The maker of posh tonics has capitalised on the revival of gin in Britain and fancier tastes among drinkers willing to spend more on mixers. Rapid revenue growth had made the Aim-listed group a stock market darling, spurring a rise in the shares of more than 2,000 per cent between 2014 and a 2018 peak. But concerns over a slowdown in sales growth within a maturing UK market and the hefty costs associated with international expansion have hamstrung the shares since then.

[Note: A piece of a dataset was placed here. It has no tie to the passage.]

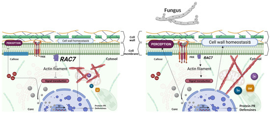 Schematic representation illustrating how the RAC7 would potentially negatively regulate plant immunity in A. thaliana by modulating the actin cytoskeleton and Ca++ signaling. In the Col-0 plants, in no challenge conditions, the level of RAC7 expression keeps suppressed process related to plant defense such as pathogen perception, cell wall homeostasis, signal transduction, JA and SA induction, and antimicrobial secondary metabolism (SM) biosynthesis. Once a pathogen infects the plant, RAC7 expression is suppressed and the inhibition is blocked, resulting in immunity activation. Created with BioRender.com.

Pandemic impact aside, some of the challenges to margins have been one-offs, such as cash spent on cutting prices in the United States in 2020. But investment in adding customers — including hiring staff, marketing and taking on new premises — is a recurring drain on funds. Analysts at Liberum, who downgraded the stock from a “buy” to a “hold” on the back of yesterday’s trading update, cut their adjusted earnings forecasts for this year and next by 10 per cent, to £71.9 million and £89.7 million, respectively. The company reckons the margin will return to growth next year, which Liberum interprets as an adjusted pre-tax margin of 21.6 per cent. Bringing distribution closer to international markets should provide some relief against freight costs. A bottling facility on the east coast of America is due to step up production in the coming months; another is due to open in Australia next year.
The premium tonic specialist argues that gaining market share is the main prize and it is willing to sacrifice margins to attain that, for now. Admittedly, revenue growth has been impressive, up almost a quarter last year and ahead of the level suggested in September. Revenue guidance for this year has been upgraded, too, encouraged by a recovery in higher-margin on-trade sales as pubs and bars reopen and expectation that at-home demand will stick above the pre-pandemic level.
Heady sales expectations are built into the group’s enterprise value, which sits at almost eight times forecast sales for next year. That’s even after some froth coming out of the shares, which are down just over 40 per cent from their peak. But given the continued margin pressure, a share price that represents 51 times forward earnings, above an historic multiple of 45, is problematic.
Efforts to maintain strong revenue growth could continue to have two negative side-effects. First, it means the drinks specialist will need to keep investing in staff, marketing and general product development as it seeks to broaden its range of mixers beyond its staple tonic and to expand further in America. Second, it limits the ability to push through price increases that would be substantial enough to ease pressure on margins, particularly given uncertainty over how long materials inflation and higher freight costs persist. You can understand that reluctance, to some extent, but it also means the shares are at risk of further punishment.
Advice Avoid
Why The current valuation leaves little room for error, which could materialise if inflation persists for longer than anticipated
Posted at 07/12/2021 11:24 by martywidget
Ahh, reminiscences.

Fever Tree – a lesson in glamour
Knowing when to sell a stock which has been a star performer is a critical skill. Robin Hardy examines Fevetree's rise and fall to provide a lesson for investors
October 25, 2021
By Robin Hardy
Posted at 20/7/2021 09:50 by kinwah
They've provided very little information on these global logistics cost pressures. The big investors will be asking the questions we would all like the answers to. Is it because of freight costs for all those heavy bottles? Is it worse in some geographic areas? Do shipping costs make some regions in ROW now uneconomic to supply? They've also admitted that in Europe at least there has been restocking by customers which has flattered the revenue figures. In this industry it is very easy to hit your revenue targets by offering incentives. We don't know how well-stocked pubs and supermarket distribution centres are. We will find out more in September with the interims but I'm running my short for now.